Я лишь неопределенно пожала плечами. Ганслингер, на щеке которой все еще алел след от пощечины, нахмурилась, глядя на меня исподлобья.

— Вик, и чего ты ее спрашиваешь? Если надо — будет помогать как миленькая, никуда не денется.

Змеелов улыбнулся, на этот раз почти весело. Так улыбаются детям, которые с забавной серьезностью и абсолютной уверенностью в себе говорят несусветную чушь. Например, о том, что их нашли в капусте или принес аист, или о том, что когда поднимается туман, то их дом на самом деле идет куда-то погулять.

— Катрина, детка, эта бродяжка, как ты изволила ее назвать, — действующая ромалийская лирха. Ты уверена, что хочешь заставить ее помогать нам силой? За последствия ответишь?

Девушка отступила на полшага. Качнула головой.

Нет, не захочет она с лирхой связываться. Слишком много домыслов крутится вокруг «зрячих» ромалийских женщин, слишком много легенд напридумывали о лирхах, которые и в огне не горят, и в воде не тонут, и из любых оков играючи выберутся, и сбегут на волю. К своему табору, к свежему ветру в поднебесье, к широким просторам. К дорогам, уходящим за горизонт. А еще есть поверье, что заставлять лирху себе прислуживать — все равно что изловить саму судьбу за волосы: долго не удержишь, а как выпустишь из рук — все, считай, счастье и удача от тебя навсегда улетели. Ни одно дело больше не сложится, все наперекосяк пойдет, пока не отыщешь обиженную ромалийку да не покаешься перед ней. А уж простит или нет — как получится. Только на деле в этих побасенках правды — на ложку, зато выдумки — на бочку. Хорошо хоть, что проверять мало кто решался.
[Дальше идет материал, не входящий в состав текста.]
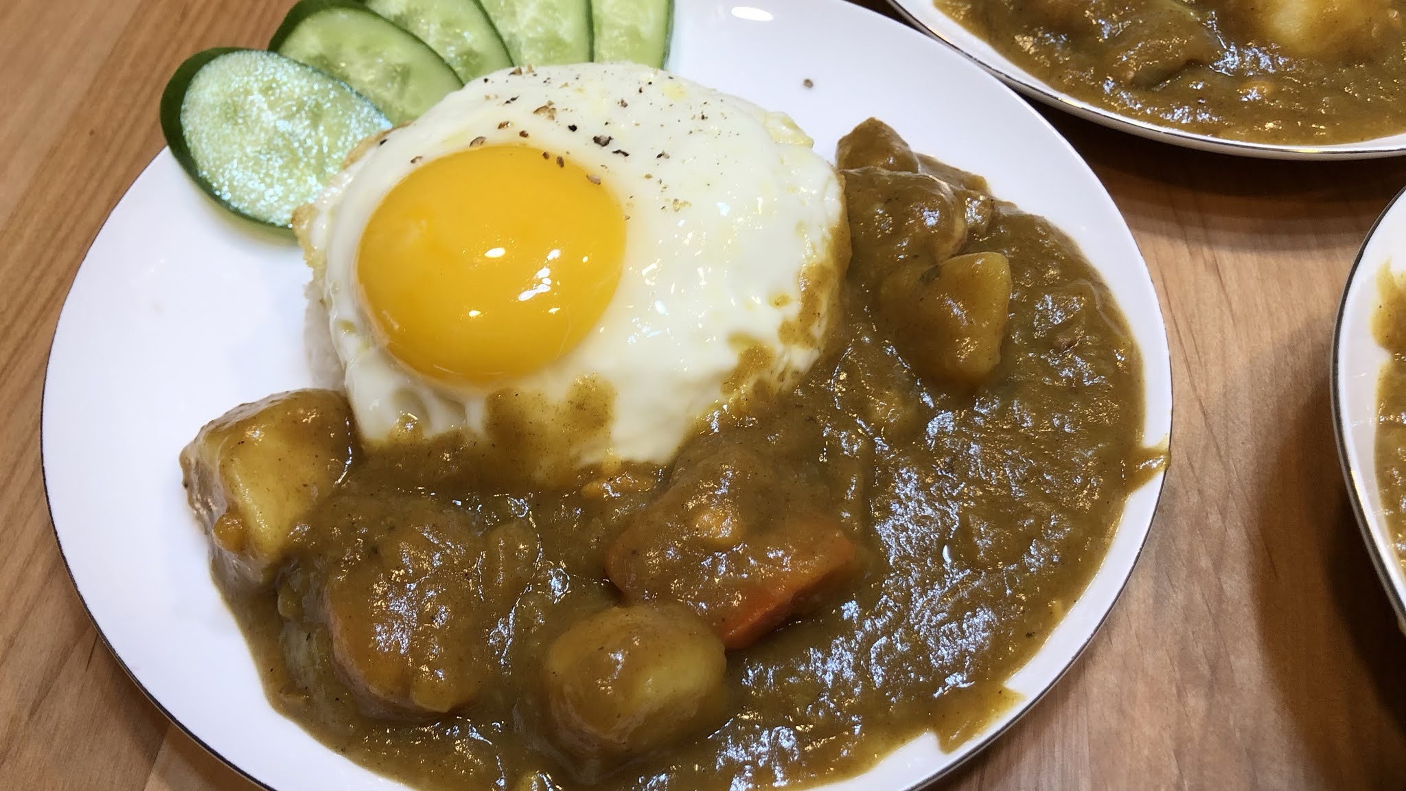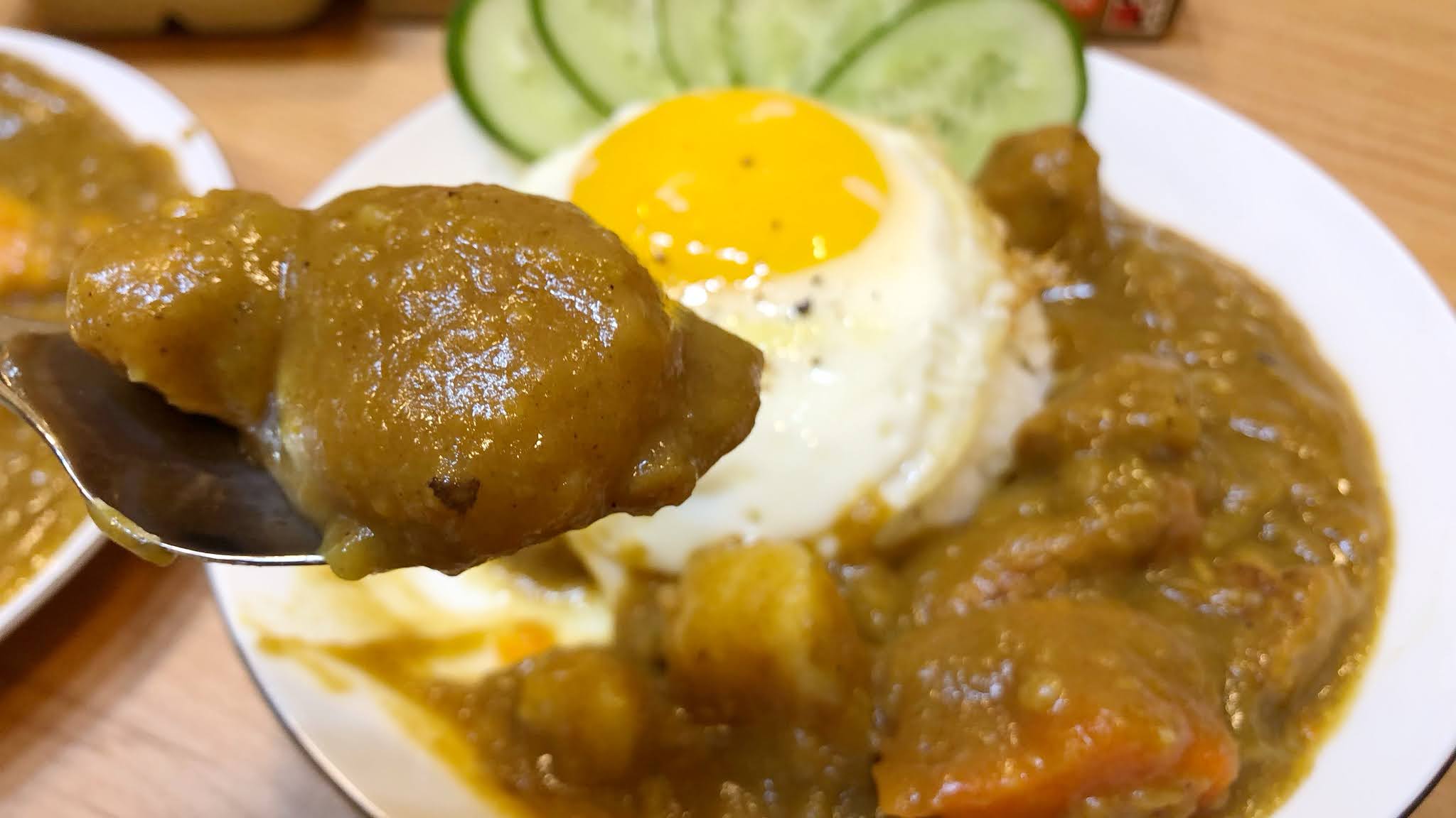 9.一碗白飯+耗時3小時燉煮的咖哩+一顆荷包蛋+數片小黃瓜,100%日式咖哩就完成了。

— Ну, вот и славно. — Музыкант повернулся и чуть наклонился, заглядывая мне в лицо. — Лирха, я хочу, чтобы ты помогла нам найти того, кто осенью убил людей из Ордена Змееловов. Предположительно это чаран, не слишком часто попадающийся в наших краях оборотень. Но есть некоторые обстоятельства, которые заставляют меня думать, что на охоте моему коллеге встретилось нечто совершенно неожиданное. И он с этим не справился.
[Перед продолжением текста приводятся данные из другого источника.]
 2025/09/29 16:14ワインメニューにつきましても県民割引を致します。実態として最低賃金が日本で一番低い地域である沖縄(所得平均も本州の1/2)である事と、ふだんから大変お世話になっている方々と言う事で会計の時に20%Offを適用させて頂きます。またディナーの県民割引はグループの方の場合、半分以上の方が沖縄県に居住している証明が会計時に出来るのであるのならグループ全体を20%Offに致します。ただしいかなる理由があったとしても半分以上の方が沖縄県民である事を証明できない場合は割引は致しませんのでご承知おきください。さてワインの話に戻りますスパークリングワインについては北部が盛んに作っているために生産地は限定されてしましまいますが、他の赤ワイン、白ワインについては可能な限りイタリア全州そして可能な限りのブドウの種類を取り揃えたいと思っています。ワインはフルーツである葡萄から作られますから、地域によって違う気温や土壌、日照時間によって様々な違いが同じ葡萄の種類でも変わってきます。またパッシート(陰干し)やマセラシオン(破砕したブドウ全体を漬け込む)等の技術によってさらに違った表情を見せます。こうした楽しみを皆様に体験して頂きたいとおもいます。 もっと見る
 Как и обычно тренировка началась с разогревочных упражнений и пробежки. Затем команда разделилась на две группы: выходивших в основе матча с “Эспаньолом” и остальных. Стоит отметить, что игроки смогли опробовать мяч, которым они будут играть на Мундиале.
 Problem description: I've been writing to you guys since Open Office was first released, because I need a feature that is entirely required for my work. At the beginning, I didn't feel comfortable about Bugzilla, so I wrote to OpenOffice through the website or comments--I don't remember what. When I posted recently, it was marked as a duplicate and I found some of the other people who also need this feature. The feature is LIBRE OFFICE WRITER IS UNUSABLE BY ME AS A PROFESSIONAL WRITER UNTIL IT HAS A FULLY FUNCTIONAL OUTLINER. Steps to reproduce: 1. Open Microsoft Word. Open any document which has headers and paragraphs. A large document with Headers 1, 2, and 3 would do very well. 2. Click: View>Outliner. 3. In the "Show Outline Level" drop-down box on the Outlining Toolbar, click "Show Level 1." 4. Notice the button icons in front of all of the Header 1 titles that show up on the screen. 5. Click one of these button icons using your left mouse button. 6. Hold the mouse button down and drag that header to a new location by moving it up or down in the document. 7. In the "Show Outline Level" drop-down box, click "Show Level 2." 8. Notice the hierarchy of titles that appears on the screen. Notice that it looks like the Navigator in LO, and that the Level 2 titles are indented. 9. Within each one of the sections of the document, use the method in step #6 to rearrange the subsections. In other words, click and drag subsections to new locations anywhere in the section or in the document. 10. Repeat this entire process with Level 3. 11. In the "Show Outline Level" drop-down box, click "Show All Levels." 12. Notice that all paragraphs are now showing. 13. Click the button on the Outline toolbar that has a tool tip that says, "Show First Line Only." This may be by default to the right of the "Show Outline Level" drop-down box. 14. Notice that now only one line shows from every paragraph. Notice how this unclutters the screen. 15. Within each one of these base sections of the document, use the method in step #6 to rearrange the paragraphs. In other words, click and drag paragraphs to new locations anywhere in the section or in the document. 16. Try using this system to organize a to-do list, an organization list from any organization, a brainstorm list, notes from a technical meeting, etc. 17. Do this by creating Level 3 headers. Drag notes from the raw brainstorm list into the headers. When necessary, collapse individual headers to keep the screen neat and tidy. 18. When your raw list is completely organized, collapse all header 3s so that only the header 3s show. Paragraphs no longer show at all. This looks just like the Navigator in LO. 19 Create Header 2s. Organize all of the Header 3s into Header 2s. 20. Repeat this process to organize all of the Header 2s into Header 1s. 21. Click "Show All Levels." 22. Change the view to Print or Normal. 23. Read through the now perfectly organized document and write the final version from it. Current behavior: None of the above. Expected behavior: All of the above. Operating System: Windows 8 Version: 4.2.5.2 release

Я молчала, разглядывая узоры, вьющиеся по навершию Ровининого посоха. Если я соглашусь, то можно попробовать направить змеелова по ложному следу — и сбежать вместе с табором на север, к морю. Или с Искрой в Лиходолье, где нас никто не разыщет. А если откажусь, то Викториан очень быстро разыщет харлекина, где бы тот ни прятался, и на этот раз парой дырок в броне Искра не отделается.

— Поможешь?

Тепло, идущее от посоха, раскаленной иглой впилось мне в ладонь.

Есть просьбы, отказать в которых нельзя.

— Я попробую…

Искра меня возненавидит, когда узнает, что я связала себя обещанием с дудочником.

Ганслингер бродила туда-сюда по небольшой комнатке с ярко горящим камином, призывая на ленивого партнера по связке все кары небесные. Под ноги она, разумеется, не смотрела и налетела на одиноко стоящую табуретку, с грохотом опрокинув ее на деревянный пол. Ушибла палец и громко, с чувством выругалась, используя слова из лексикона наемников-головорезов.

— Ну почему ты сидишь тут и ничего не делаешь?!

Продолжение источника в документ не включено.